Улыбаясь, глядела монахиня на прелестное невинное лицо молодой женщины.

Между тем Тюдзё добрался до Ёкава, и его принял там Содзу, пожелавший побеседовать с дорогим гостем. Тюдзё провел в горной обители всю ночь, услаждая слух прекрасной музыкой и слушая, как монахи звучными голосами читают сутры. Рассказывая брату своему Дзэнси о том, что произошло с ним со дня их последней встречи, он между прочим сказал:

– По дороге сюда я заехал в Оно и имел удовольствие беседовать с монахиней. Трудно найти женщину более утонченную, даром что она отвернулась от мира.
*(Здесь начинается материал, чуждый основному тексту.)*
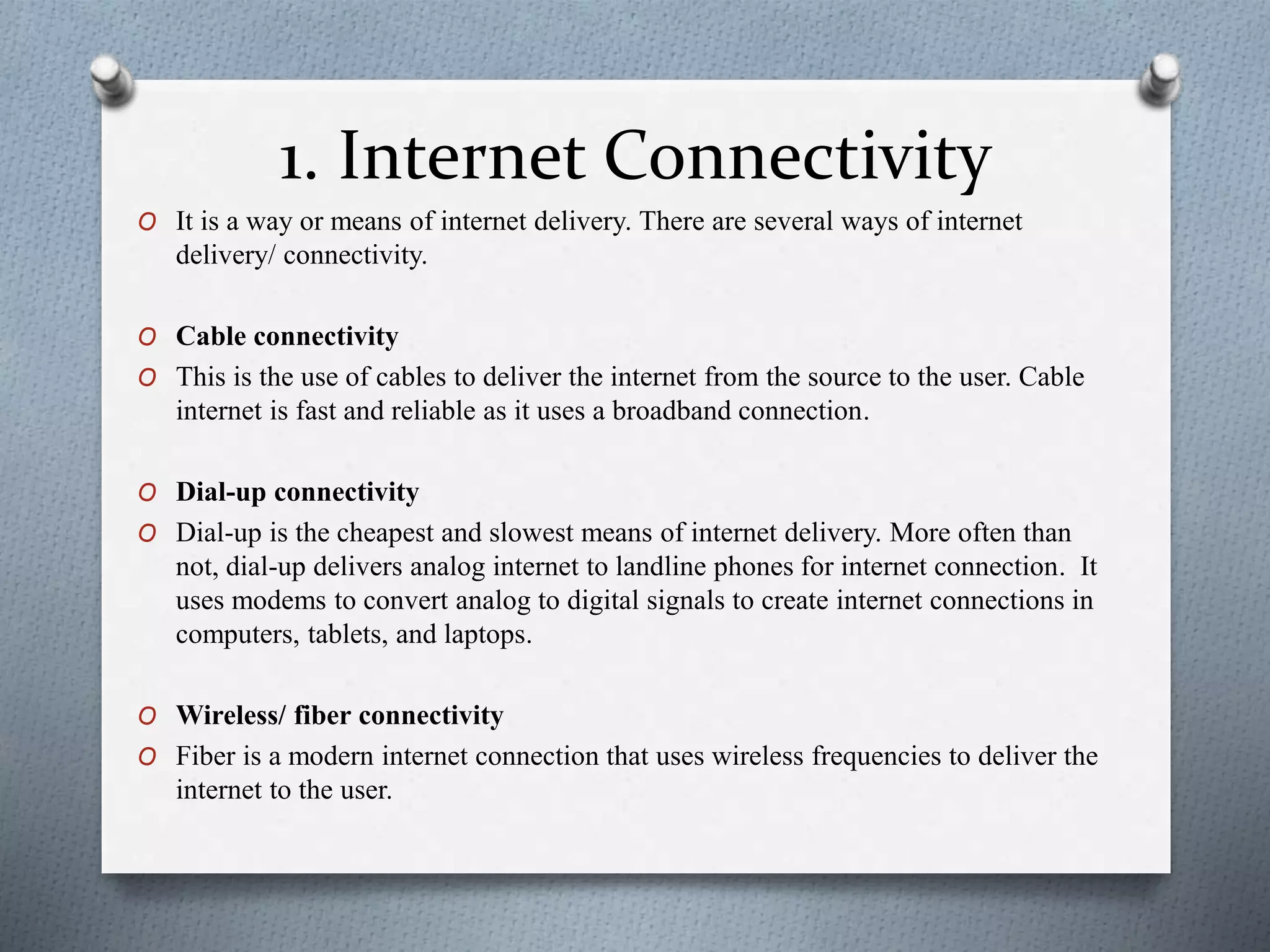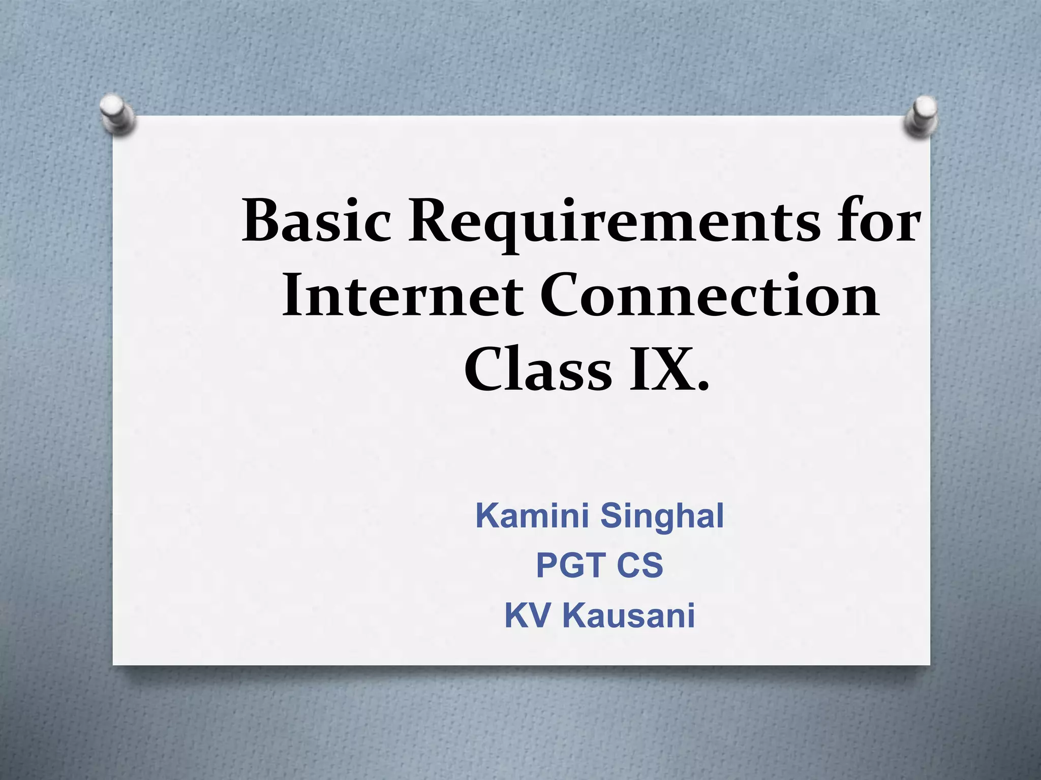This document outlines the basic requirements for an internet connection, including various connectivity options like cable, dial-up, and wireless/fiber. It also discusses internet service providers, connection devices, necessary hardware like modems and routers, and software requirements. Key hardware includes modems to convert analog to digital signals, and routers to allow multiple devices to share a single internet connection via WiFi. Software is also needed to transmit data accurately and securely between users and ensure privacy.

– Когда я был там, – продолжал он, – ветер неожиданно взметнул занавеси, и взору моему предстала какая-то женщина с удивительно красивыми длинными волосами. Очевидно, она боялась, что ее увидят снаружи, и встала, чтобы пройти во внутренние покои. Разумеется, я ничего не успел разглядеть, но в этой женщине с первого взгляда видно особу благородного происхождения. Право же, ей не место в доме, где живут одни монахини. В конце концов она и сама станет похожа на них, что было бы весьма досадно!

– Кажется, монахини нашли ее где-то возле Хацусэ, куда совершали паломничество нынешней весной. Говорят, это произошло при весьма таинственных обстоятельствах.

Ничего более определенного Дзэнси сказать не мог, ибо подробности ему и самому не были известны.

– Что за трогательная история! Но кто она? Наверное, ей довелось изведать в жизни немало горя, иначе она вряд ли стала бы искать пристанища в такой глуши. Да, совсем как в старинной повести…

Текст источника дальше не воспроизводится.